# Joining a AKC Club?



## WinitheGSD (Sep 21, 2008)

What are the benefits of joining a local AKC club? Do you have to go to meetings(are there any)? I'm thinking about showing (after we fix a little socializing problem







) and I didn't know if I should register in a local club. I don't really know anything about local AKC clubs. So if ya'll could please explain them, I would be really grateful!! 

also how old is to old for puppy matches? are there matches for older dogs?


----------



## amjrchamberlain (Mar 8, 2005)

Hi again! 

You should definately join a local club.
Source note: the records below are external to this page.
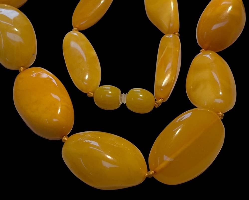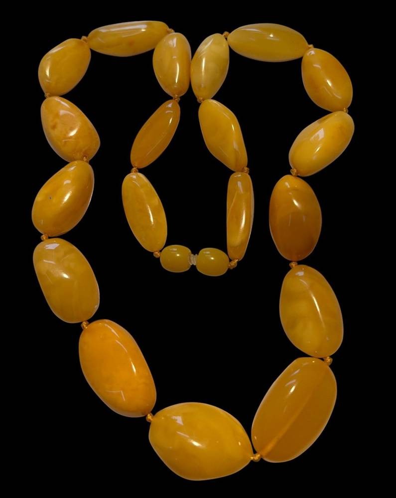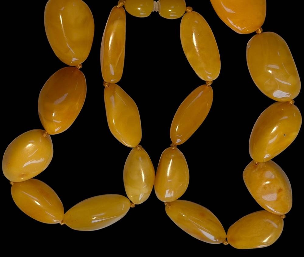 Halskette mit gelben, olivenförmigen Bernstein,verluafend, L-ca. 50 cm, 33,3 gr. [1]
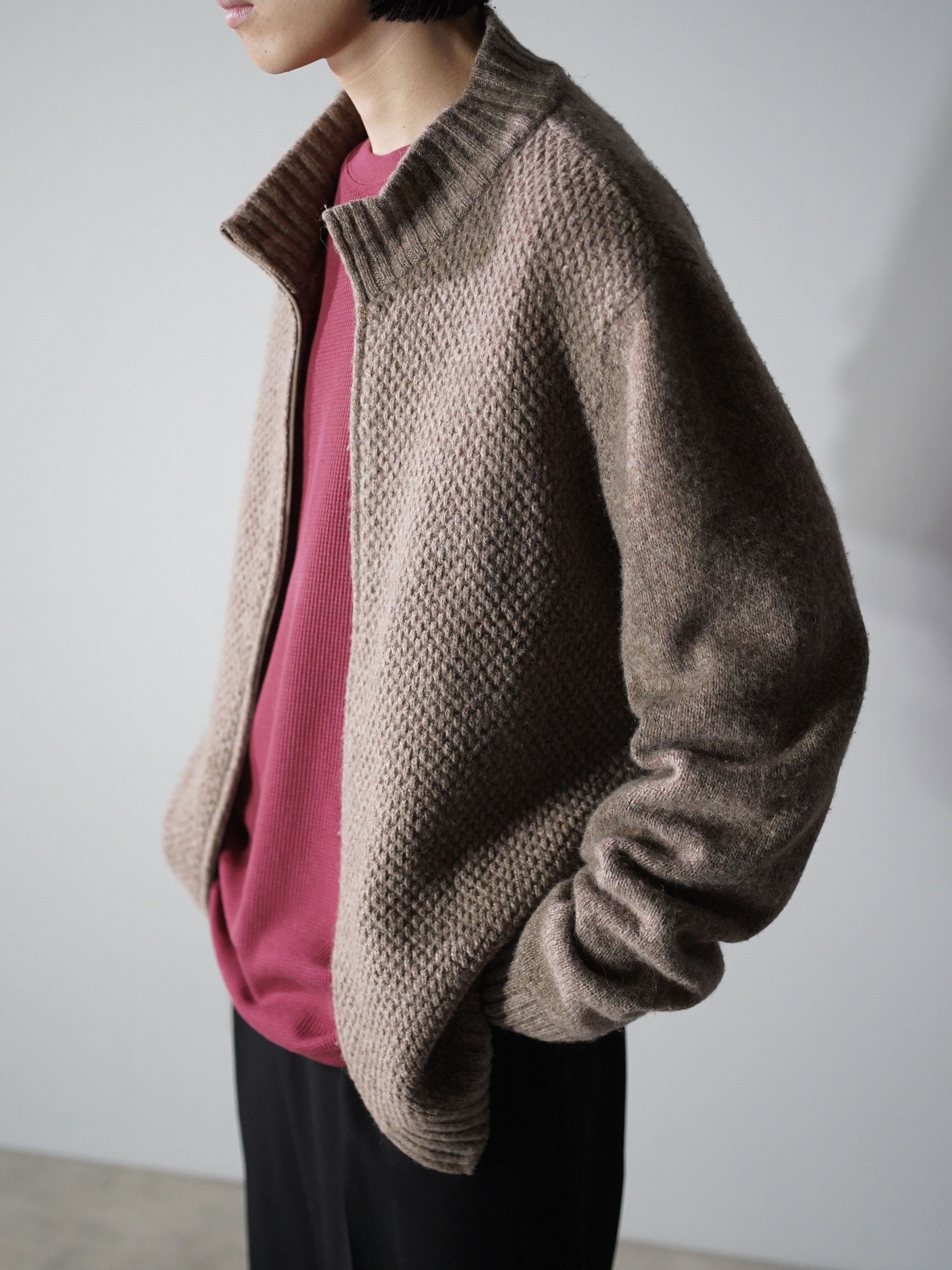 ・Made in Italy Seed stitch zip knit sweater
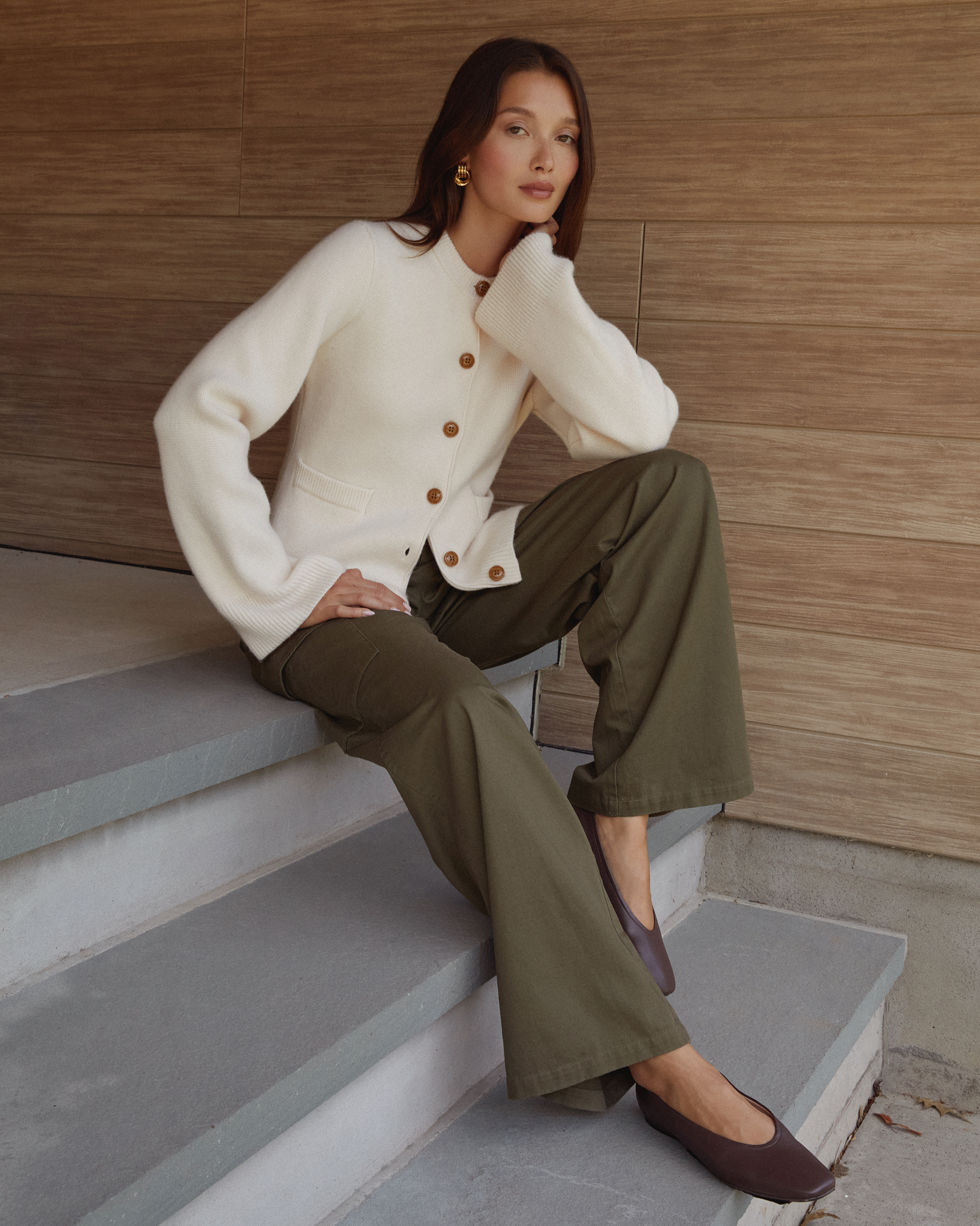 The Averie Cardigan boasts wooden buttons and a wool cashmere blend for a luxurious feel. Its super soft material combined with long bell sleeves and a flattering silhouette make it a must-have for both comfort and style. Upgrade your wardrobe with this elegant piece.

I don't have a local GSD club here, the closest for me is 2 hours drive, but I am a member of the parent club (GSDCA) and of several local clubs.









There are meetings to attend, it usually varies, but they may occur every month. Your membership in a local club will put you in a great position to help the club host their events and to gain experience from volunteering for them.







In addition to the experience you can gain, you will also get to meet lots of great dog people and dogs! You can find local mentors to help you learn about showing at the club. 

I'm sure others will be along shortly to post even more benefits, but until then, I say, yes, go for it!









RE: matches - that's a question best left to someone else!


----------



## Xeph (Jun 19, 2005)

Matches are for dogs of any age


----------